In people with diabetes, excessive blood sugar links to the flexible heart muscle like cement through a process known as glycation (AGEs – advanced glycation end products). This results in serious heart problems over time, including heart failure and heart attacks.
The Terrible Trio
Diabetes, obesity, and heart disease are so intimately connected that many doctors treat patients with any of these health issues as though they have all three. This often means they are given 6, 8, 10, or more prescription drugs, each of which has its own side effects requiring more medication to control. It’s easy to see that this is a downward spiral that will eventually have fatal consequences.
All of this may seem overwhelming, but it doesn’t have to be.
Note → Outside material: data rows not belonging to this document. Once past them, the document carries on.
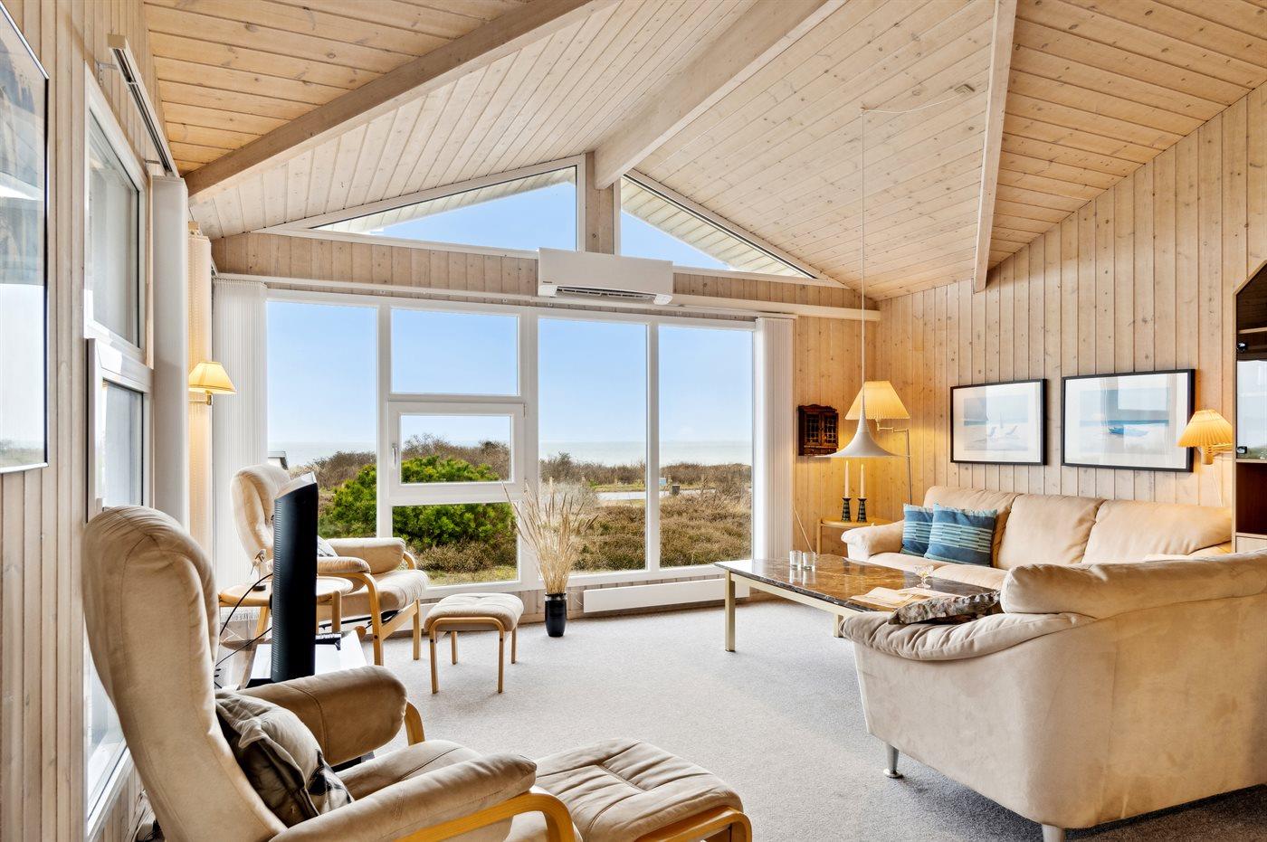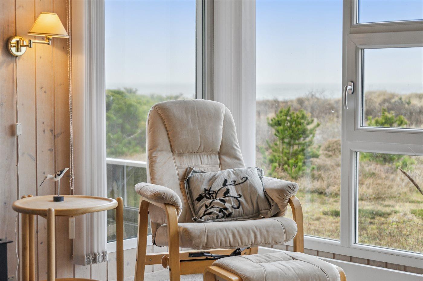 Indvendig fremstår sommerhuset lyst med en god indretning, som passer rigtig fint til f.eks. en familie med børn. Der er også mulighed for at invitere bedsteforældrene med på ferie, da der findes et anneks, som er oplagt til større børn eller netop bedsteforældre. Dette betyder at huset faktisk kan rumme op til to familier, som ønsker at holde en fælles ferie i disse fantastiske omgivelser. Husets midtpunkt er den store opholdsstue, hvor de store vinduespartier giver et virkelig godt lysindfald og hvor den smukke udsigt kan nydes. Der er fra stuen direkte adgang til den skønne terrasse.
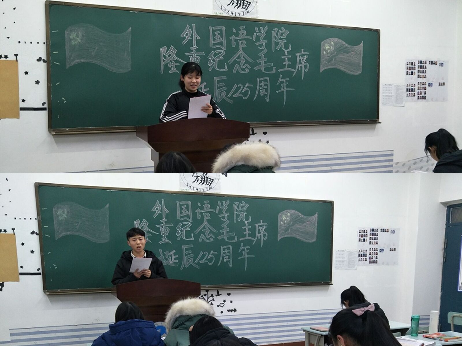 赵星辰老师给同学们讲述了毛泽东出身农民家庭,在长沙勤奋刻苦的求员工涯,投身农民运动,建立共产主义组织,建立井冈山革命根据地,建立中华苏维埃共和国等先进事迹。然后邀请熊思瑶和陈曦鹏做主题演讲:“纪念伟大领袖毛主席”,演讲者激昂澎湃的情绪感染了在场的每一个同学。最后是进行毛主席诗词默写大赛,熊思瑶、陈曦鹏、赵晨星、尹嘉宁四位同学在众多参与者中胜出。
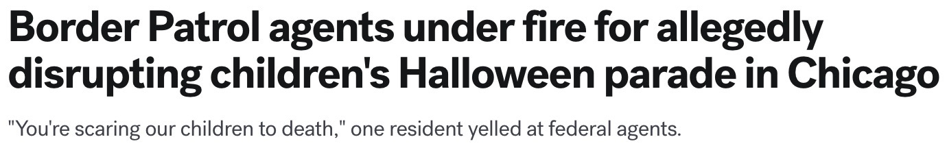why is Pritzker so worried that children in Chicago might get tear-gassed during Halloween? because it already happened once this week, that’s why. tell me, when masked ICE shitkazoos tear-gassed a children’s a children’s Halloween parade in Chicago a few days ago, was that ‘keeping them safe’?
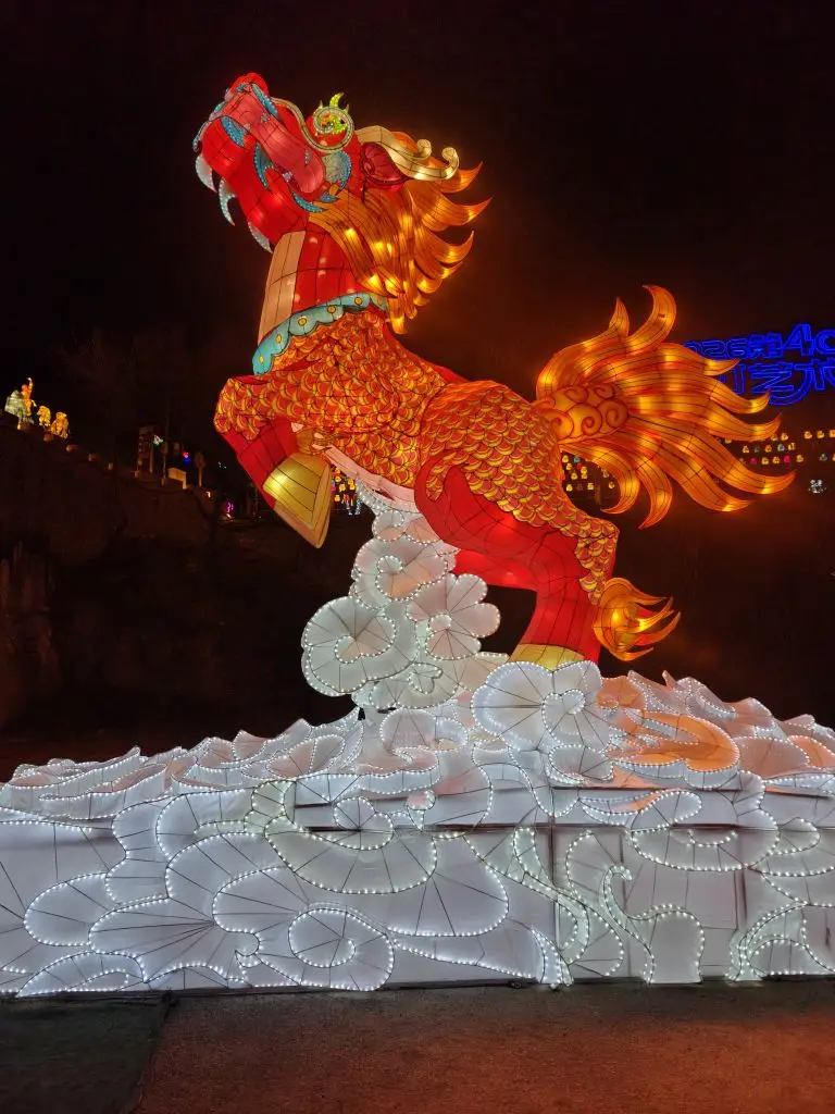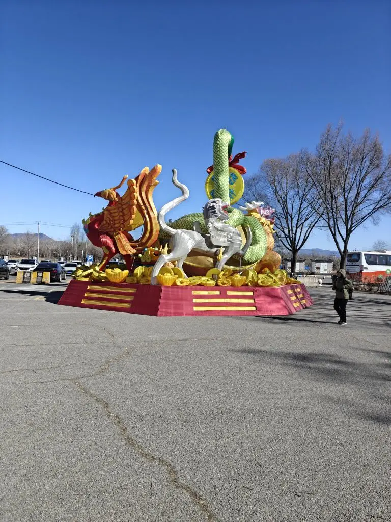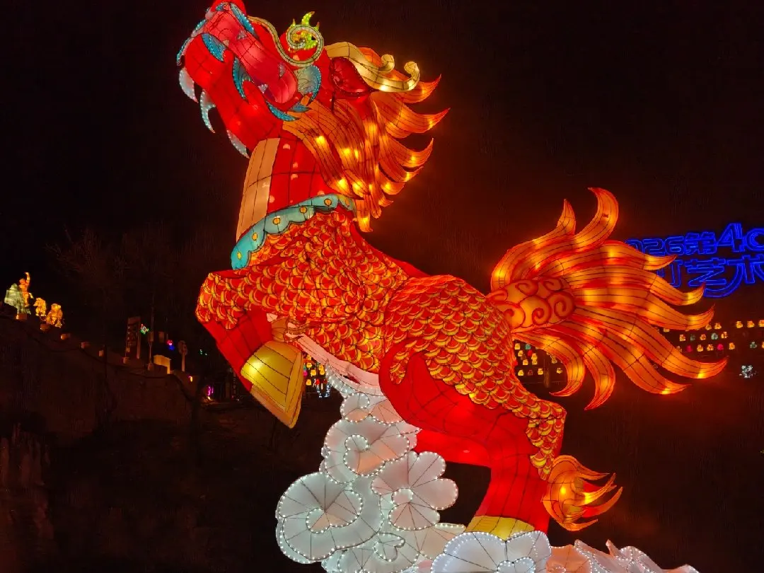 抵达龙庆峡时,天色渐暗,冰灯已经亮起。晶莹剔透的冰雕在灯光下流光溢彩,巨型花灯沿着峡谷铺展开来,像一条金色的巨龙。我把车停在景区停车场,回头看了一眼X9的贯穿式尾灯,在冰天雪地的背景下,科技感和年味奇妙地融合在了一起。
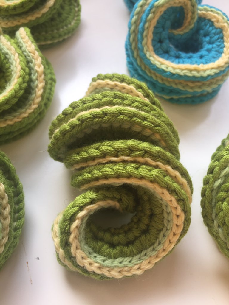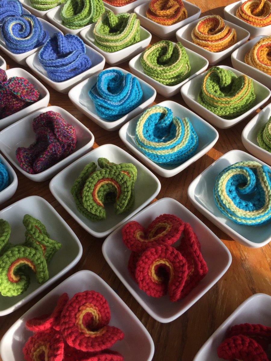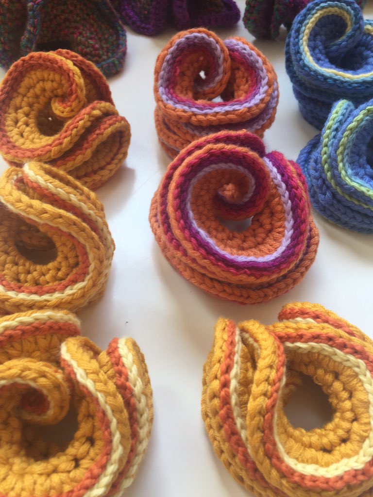 Doing my first Art/Craft fair next Saturday! Big & small infinity loops, little corals & baby hyperbolic planes!
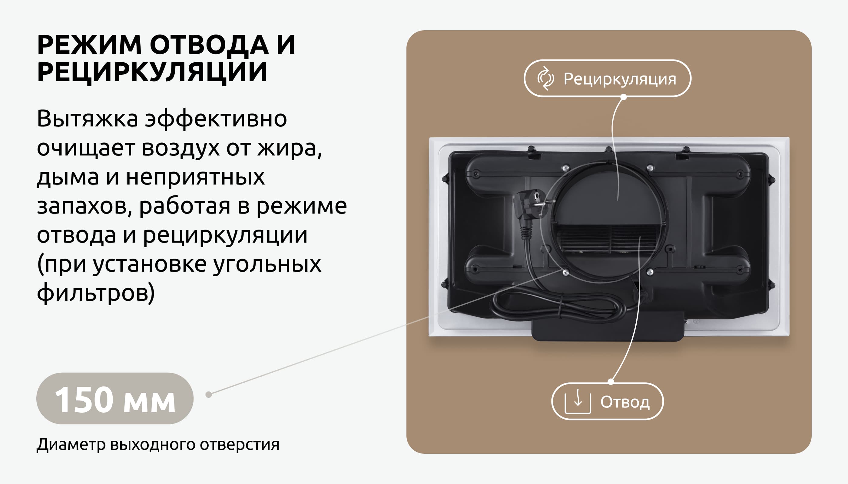 Вытяжка устанавливается внутри навесного кухонного шкафчика, где предварительно выпиливается отверстие согласно габаритам, указанным в инструкции. Рекомендуемая высота установки 65-75 см от рабочей поверхности до нижней точки прибора. Желательно использовать минимум соединительных элементов для воздуховода и соблюдать диаметр вентиляционных труб не менее, чем диаметр выходного отверстия. В режиме рециркуляции необходимо устанавливать угольный фильтр.
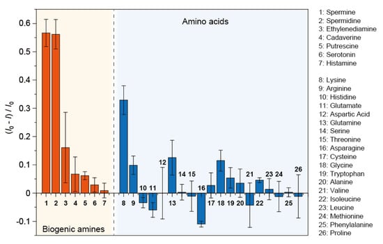 Changes in the fluorescence intensity of the polythiophene-ensemble film upon the addition of biogenic amines or amino acids in HEPES buffer solution (100 mM) with TBABr (100 mM) at pH 7.0 and 30 °C. [Analyte] = 4 mM.

Read on and learn how you can overcome all three of these terrible diseases.
French Grape Seed Extract Vanquishes the Terrible Trio – and More
Yes, inflammation is a key underlying cause of obesity, heart disease, stroke, and type 2 diabetes, so it only makes sense that a powerhouse anti-inflammatory like grape seed extract would give the answers we need to vanquish them.
But the FGSE goes much farther than that.
We’ve said before: We believe that the single most important thing you can do is to follow a healthy eating plan and adopt a healthy lifestyle that includes a moderate amount of exercise, good sleep, and stress management to manage your weight and prevent diabetes. But it is abundantly clear that grape seed extract can help you get back to good health and stay there.
For example, a small, but important pilot study in Thailand found that people who ate a high carbohydrate meal and then took 300 mg of grape seed extract reduced blood sugar levels after a high-carbohydrate meal. The OPCs in grape seed can help stop the roller coaster of high and low blood sugars that lead to insulin resistance and, eventually, to type 2 diabetes.
Important animal studies from France and Spain confirm that overweight hamsters dramatically reduced their waistlines with grape seed extract, even when they were fed a high-fat diet. In addition, the grape seed extract reduced blood sugars, increased the ability to use insulin produced by the pancreas, and lowered blood fats—all important stepping stones to eliminate and prevent heart disease and type 2 diabetes.
Further research confirms that grape seed extract can protect against damage caused by diabetes, including diabetic neuropathy that can lead to amputations.
In an impressive Saudi Arabian study, patients with fatty liver disease, commonly associated with obesity, were given 100 mg of standardized grape seed extract for three months. Their liver function and liver enzyme greatly improved, including severely limiting the number of fat cells that were able to infiltrate the liver. Positive effects were even seen in patients given only 50 mg daily.
And Chinese researchers found that grape seed extract has a powerful antioxidant effect against those dreaded AGEs (advanced glycation end products) that are at least partly responsible for the deadly link between diabetes and heart disease and other complications.